Lawyers for ‘Outer Banks’ creators challenged NC teacher’s lawsuit. Judge dismissed it

A high school English teacher who accused Netflix of ripping off his treasure-hunting young adult novel to create the hit Netflix series “Outer Banks” lost his case Tuesday when a federal judge determined he failed to show any substantial similarities between the two works.

In a 25-page opinion, U.S. District Judge Timothy C. Batten Sr. said Kevin Wooten’s 2016 book “Pennywise: The Hunt for Blackbeard’s Treasure!” had a significantly different plot, characterization, mood, pace and settings than the Netflix original.

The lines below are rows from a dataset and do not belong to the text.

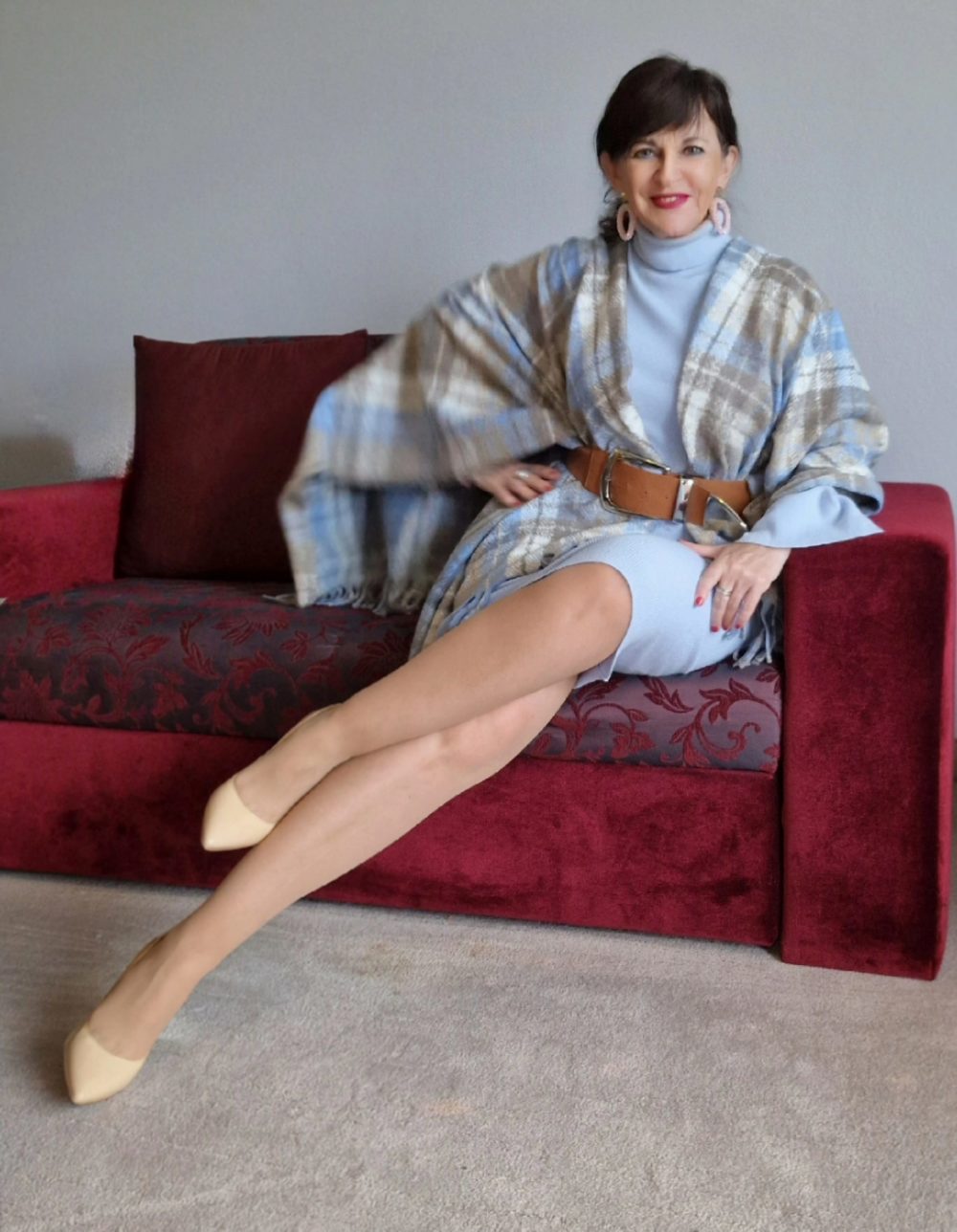 das Strickkleid bietet so viele Möglichkeiten, getragen zu werden. Tücher, Schals und Capes sind ebenfalls meine Lieblinge bei Kombinationen, vor allem wenn ich auf Reisen bin.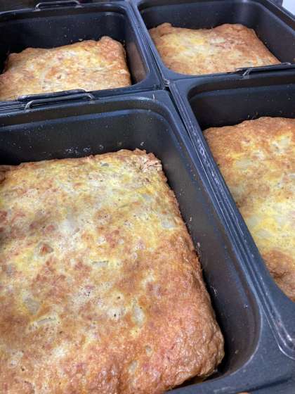 「ツナポテトオムレツ」は、液卵、ツナ、じゃがいもを使用し、焼き物機で焼きます。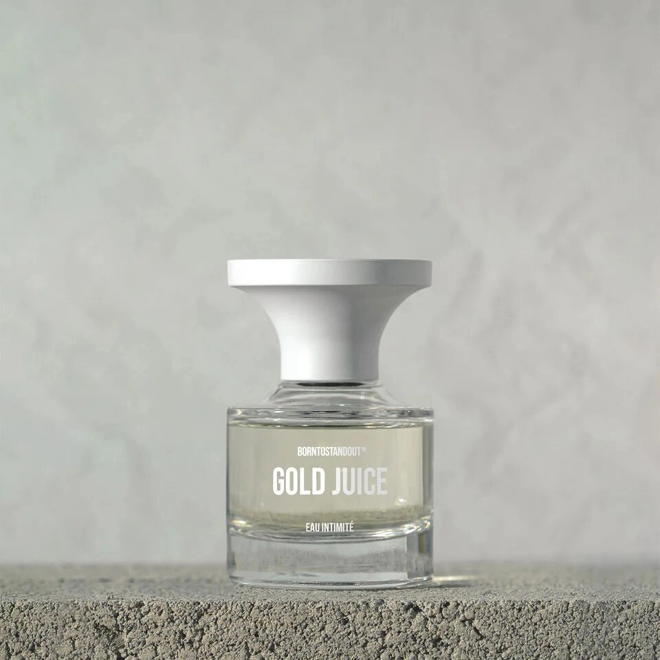 Gold Juice от BORNTOSTANDOUT® — это новый Floral Fruity Gourmand аромат для мужчин и женщин, представленный в 2025 году. Автором композиции является парфюмер Margaux Le Paih Guérin. В верхних нотах звучат манго, дуриан и ревень; в средних нотах раскрываются османтус, белые цветы и солнечные ноты; а базовые ноты состоят из карамели, гваяка и миндаля.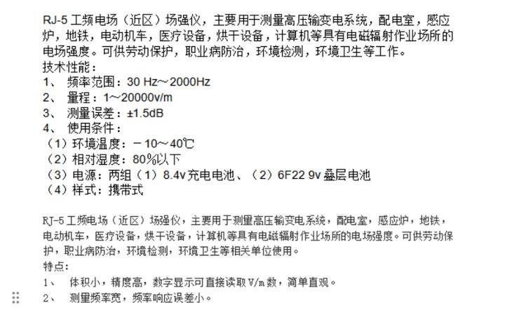 RJ-5工频电场(近区)场强仪 测量频率宽 频率响应误差小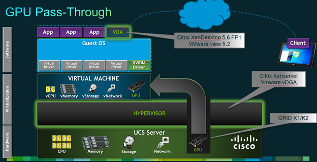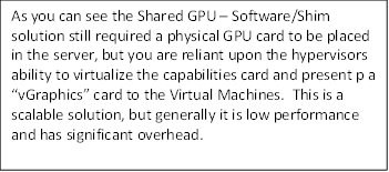 - Pass-through allows full performance and card features, but it is literally a 1 to 1 mapping of user to GPU = not very scalable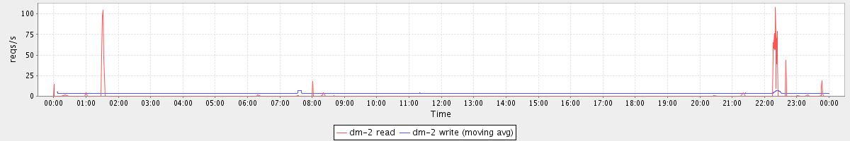 avg(dm-1 read) = 0.13 avg(dm-1 write) = 19.98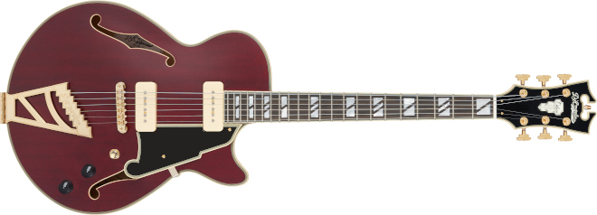 ピックアップはスタック・タイプのセイモア・ダンカンSTK P-90(クリーム・カラー)を2基搭載。コントロールは1ヴォリューム、1トーン、3ウェイ・ピックアップ・セレクターのレイアウト。ハードウェアはゴールドで統一し、チューニングの安定を実現したグローバーのスーパー・ロトマティック・ロッキング・マシンヘッド、チューンOマティック&ステア・ステップ・テイルピースの仕様。カラーは、サテン・トランス・ワインとなっている。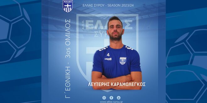 Το Δ.Σ του Α.Π.Ο Ελλάς Σύρου βρίσκεται στην ευχάριστη θέση να ανακοινώσει την έναρξη της συνεργασίας με τον ποδοσφαιριστή Λευτέρη Καραμολέγκο. Ο Συριανός ποδοσφαιριστής έχει περάσει στο παρελθόν ξανά από την ομάδα μας έχοντας κατακτήσει το πρωτάθλημα της Β Κατηγορίας Κυκλάδων, ενώ έχει αγωνιστεί στην ακαδημία του Νέου Α.Ο.Σ και στον Αίαντα Σύρου την περσινή χρονιά, κατακτώντας και εκεί το πρωτάθλημα της Β κατηγορίας. Μέσα στις επιτυχημένες σεζόν, ήταν η κατάκτηση της 3η θέσης στο Πανελλήνιο πρωτάθλημα προεπιλογής Εθνικών ομάδων με την Μικτή Κυκλάδων, όπου και ήταν από τους βασικούς συντελεστές αυτής της επιτυχίας.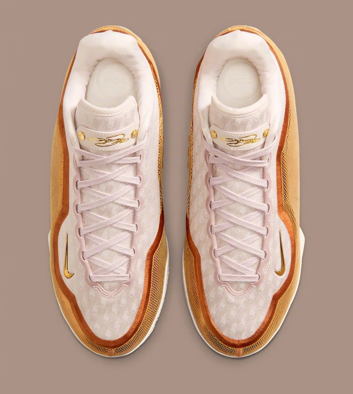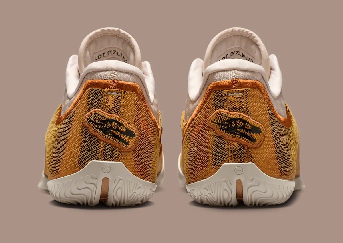 詹姆斯LeBron 23「屠龙战士」配色官图,灵感源自勒布朗·詹姆斯2015-2018年间的季后赛对多伦多猛龙队12胜2负的统治级表现,多伦多被网友戏称「LeBronto」,配色运用了金色的王官与恐龙化石色调的组合🦖👑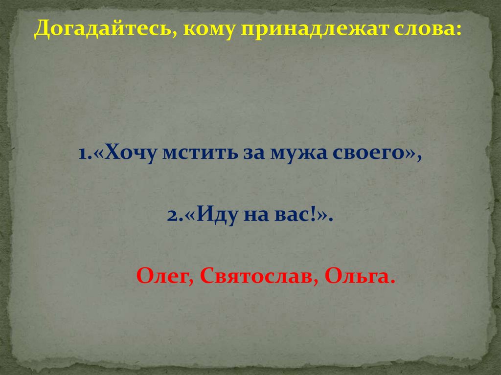 Догадайтесь, кому принадлежат слова:1.«Хочу мстить за мужа своего»,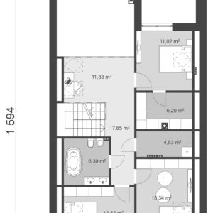 Projekt domu uA27 to propozycja domu w stylu klasycznym dla 4-5 osobowej rodziny. Prosta, zgrabna bryła przykryta została dachem dwuspadowym. Ciekawe wykończenie elewacji nadaje temu projektów charakterystycznego charakteru. Dom, mimo kompaktowych wymiarów jest bardzo funkcjonalny. Wnętrze uA27 jest przestronne i jasne, a ponadto podzielone zostało w jasny sposób. Na parterze znajduje się wiatrołap z garderobą, z przejściem do jednostanowiskowego garażu, gabinet, składzik zlokalizowany pod schodami, ogólnodostępna łazienka oraz jadalnia, salon i otwarta kuchnia. Kondygnacja wyżej to przestrzeń do pracy na antresoli, trzy sypialnie, w tym jedna z własną garderobą, łazienka oraz praktyczna pralna. Projekt dostępny jest również w odbiciu lustrzanym. Projekt uA27 to idealna propozycja dla osób, które szukają wygodnego i praktycznego domu.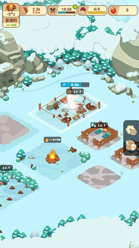 冰河时代生存大亨这款模拟经营类游戏将玩家带入了原始冰河时代的艰难环境,展现了在极端生存条件下的人类奋斗与智慧。游戏的背景设定在冰雪覆盖、资源匮乏的时代,玩家将扮演一位部落的领袖,带领着自己的队伍在这片荒凉的土地上生存下去。玩家需要根据周围环境的变化,带领村民进行冒险,寻找食物、水源、木材、石材等必需资源,并利用这些资源为部落建设住所、制作工具、培养技能等,从而确保村民的生存和部落的繁荣。

“To be sure, both works involve shipwrecks and treasure hunts,” Batten said. “But to analyze their plots at such a high level of abstraction would render every work involving a hunt for buried treasure susceptible to copyright infringement.”

The suit named Netflix and “Outer Banks” co-creators Josh Pate, Jonas Pate and Daniel Burk as defendants. Jonas Pate declined to comment on their behalf in a statement to McClatchy News on Wednesday.

Lawyers representing Wooten did not immediately respond to a request for comment.

“Outer Banks” premiered on Netflix in April 2020. The show was largely a hit, and Netflix confirmed production for a second season was underway in July.

Wilmington resident Jonas Pate steps behind the camera while directing an episode of the new Netflix series, “Outer Banks,” which he co-created and co-wrote.
Wilmington resident Jonas Pate steps behind the camera while directing an episode of the new Netflix series, “Outer Banks,” which he co-created and co-wrote.

Wooten is an English and creative writing teacher who lives in Hamptonville, North Carolina, about 65 miles north of Charlotte. He sued Netflix and the show’s creators for copyright infringement just before Christmas.

According to court filings, Wooten’s novel “Pennywise” centers on a former creationist professor searching for Blackbeard’s treasure with his middle school-aged twin nephews along with their family dog Skipper. The treasure contains the Holy Grail, and the professor wants to protect it from an evil scientist named “Darwin” who “plans to test Jesus’s DNA, prove he was an ordinary man, and undermine Christianity,” defense attorneys said.

“Outer Banks,” meanwhile, stars four teenagers on the North Carolina coast searching for hidden treasure and includes elements of class and poverty, physical abuse, drugs and sexuality.

In a seven-page chart attached to his complaint, Wooten’s attorneys laid out the reported similarities between his self-published novel and the Netflix series. They said the two works shared similar characters — a group of four “treasure hunters” — and related clues.

But the judge said Tuesday many of those similarities seemed “random.”

In one example, Wooten compared a clue his characters discovered in the wing of a bird to a clue labeled “For Bird” in the TV show. The “Outer Banks” clue referenced a nickname given to one of the protagonists by his father.

“The fact that the word ‘bird’ is present in both narratives is entirely innocuous and of no significance in an infringement analysis,” Batten said.

He also found many of the comparable scenes fall under what’s known as “scènes à faire,” meaning stock scenes that are common in a particular genre and not protected by copyright.

“(Wooten) highlights that both works involve chases through mausoleums or graveyards, the retrieval of treasure from a deep shaft, and the discovery of clues in old portraits,” Batten said. “But each of these events ‘naturally arise[s] from the generalized theme of’ a treasure hunt.”

As for specific ideas in the two works, the judge determined the plot of Wooten’s “religious narrative” looked nothing like that of “Outer Banks,” the characters “share few similarities, even when painted with the broadest brush,” and the mood and pace of the two stories “vary greatly.”

His opinion largely echoed arguments made by defense attorneys in a previous motion to toss the suit, which described the two works as “radically different.”

Defense attorneys for Netflix and the co-creators accused Wooten of “cherry-picking” similarities, saying any parallels between the middle-aged hero and his two nephews in Wooten’s novel and the “Outer Banks” protagonists are “at best misleading and at worst absurd.”

The motion to dismiss also called out “problematic gender stereotypes” Wooten made between a dog in his novel and the character Kiara in “Outer Banks.” Wooten had described them as exhibiting masculine and feminine characteristics because the male dog was “protective as a mother” and Kiara, a teenage girl, was a “tomboy.”

“Plaintiff’s (offensive) effort to compare a pet to a complex central character highlights his inability to identify comparable characters,” the motion states.

Tuesday’s opinion dismisses Wooten’s case with prejudice, meaning he is not allowed to refile the complaint on the same grounds.